To troubleshoot problems in the Layer 3 VPN configuration, start at one end of the VPN (the local
customer edge [CE] router) and follow the routes to the other end of the VPN (the remote CE
router).

Solution

The following troubleshooting steps should help you diagnose common problems:

1. If you configured a routing protocol between the local provider edge (PE) and CE routers,
check that the peering and adjacency are fully operational. When you do this, be sure to
specify the name of the routing instance. For example, to check OSPF adjacencies, enter the
show ospf neighbor instance routing-instance-name command on the PE router.

If the peering and adjacency are not fully operational, check the routing protocol configuration
on the CE router and check the routing protocol configuration for the associated VPN routing
instance on the PE router.

2. Check that the local CE and PE routers can ping each other.

To check that the local CE router can ping the VPN interface on the local PE router, use a ping
command in the following format, specifying the IP address or name of the PE router:

user@host> ping (ip-address | host-name)

To check that the local PE router can ping the CE router, use a ping command in the following
format, specifying the IP address or name of the CE router, the name of the interface used for
the VPN, and the source IP address (the local address) in outgoing echo request packets:

user@host> ping ip-address interface interface local echo-address

Often, the peering or adjacency between the local CE and local PE routers must come up
before a ping command is successful. To check that a link is operational in a lab setting,
remove the interface from the VPN routing and forwarding (VRF) by deleting the interface
statement from the [edit routing-instance routing-instance-name] hierarchy level and
recommitting the configuration. Doing this removes the interface from the VPN. Then try the
ping command again. If the command is successful, configure the interface back into the VPN
and check the routing protocol configuration on the local CE and PE routers again.

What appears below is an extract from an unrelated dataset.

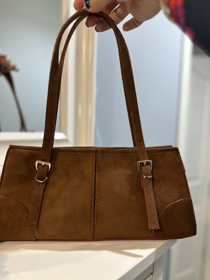 Bej süet malzemeden yapılmış, tokalı ve parlak görünümlü kadın omuz çantası, çağdaş ve klasik Paris tarzını yansıtıyor.

3. On the local PE router, check that the routes from the local CE router are in the VRF table
(routing-instance-name.inet.0):

user@host> show route table routing-instance-name.inet.0 <detail>

The following example shows the routing table entries. Here, the loopback address of the CE
router is 10.255.14.155/32 and the routing protocol between the PE and CE routers is BGP.
The entry looks like any ordinary BGP announcement.

10.255.14.155/32 (1 entry, 1 announced)
*BGP Preference: 170/-101
Nexthop: 192.168.197.141 via fe-1/0/0.0, selected
State: <Active Ext>
Peer AS: 1
Age: 45:46
Task: BGP_1.192.168.197.141+179
Announcement bits (2): 0-BGP.0.0.0.0+179 1-KRT
AS path: 1 I
Localpref: 100
Router ID: 10.255.14.155

If the routes from the local CE router are not present in the VRF routing table, check that the
CE router is advertising routes to the PE router. If static routing is used between the CE and
PE routers, make sure the proper static routes are configured.

4. On a remote PE router, check that the routes from the local CE router are present in the
bgp.l3vpn.0 routing table:

user@host> show route table bgp.l3vpn.0 extensive

10.255.14.175:3:10.255.14.155/32 (1 entry, 0 announced)
Route Distinguisher: 10.255.14.175:3
Source: 10.255.14.175
label-switched-path vpn07-vpn05
Push 100004, Push 100005(top)
State: <Active Int Ext>
Local AS: 69 Peer AS: 69
Age: 15:27 Metric2: 338
Task: BGP_69.10.255.14.175+179
AS path: 1 I
Communities: target:69:100
BGP next hop: 10.255.14.175
Localpref: 100
Router ID: 10.255.14.175
Secondary tables: VPN-A.inet.0

The output of the show route table bgp.l3vpn.0 extensive command contains the following
information specific to the VPN:

o In the prefix name (the first line of the output), the route distinguisher is added to the
route prefix of the local CE router. Because the route distinguisher is unique within the
Internet, the concatenation of the route distinguisher and IP prefix provides unique
VPN-IP version 4 (IPv4) routing entries.
o The Route Distinguisher field lists the route distinguisher separately from the VPN-IPv4
address.
o The label-switched-path field shows the name of the label-switched path (LSP) used to
carry the VPN traffic.
o The Push field shows both labels being carried in the VPN-IPv4 packet. The first label is
the inner label, which is the VPN label that was assigned by the PE router. The second
label is the outer label, which is an RSVP label.
o The Communities field lists the target community.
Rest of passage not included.